# WORK INSTRUCTIONS:
Ignoring the pictures, copy the data exactly.

# COLLECTED DATA:

○ ○ ○ ○

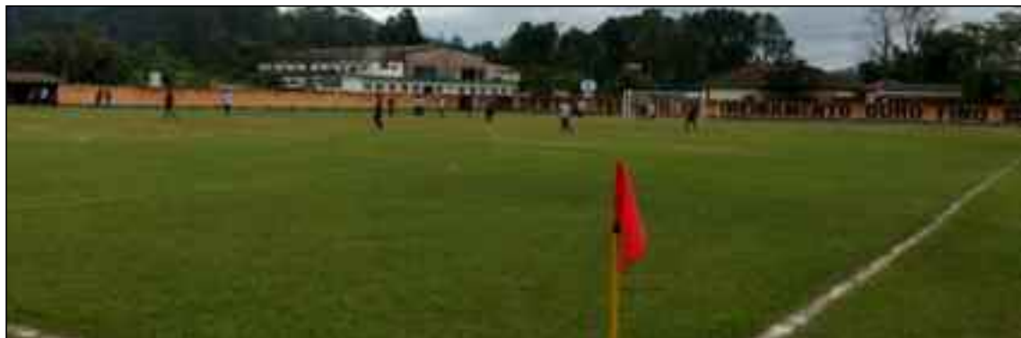
Campo de Ouro Fino abrigou jogos do torneio

Partidas, realizadas no último domingo (17), somaram 12 gols
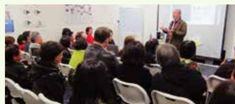
Seminar held in Australia / 澳洲演講會
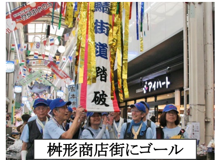
榊形商店街にゴール

○ ○ ○ ○

# ANSWER SECTION:
Campo de Ouro Fino abrigou jogos do torneio

Partidas, realizadas no último domingo (17), somaram 12 gols
Seminar held in Australia / 澳洲演講會
榊形商店街にゴール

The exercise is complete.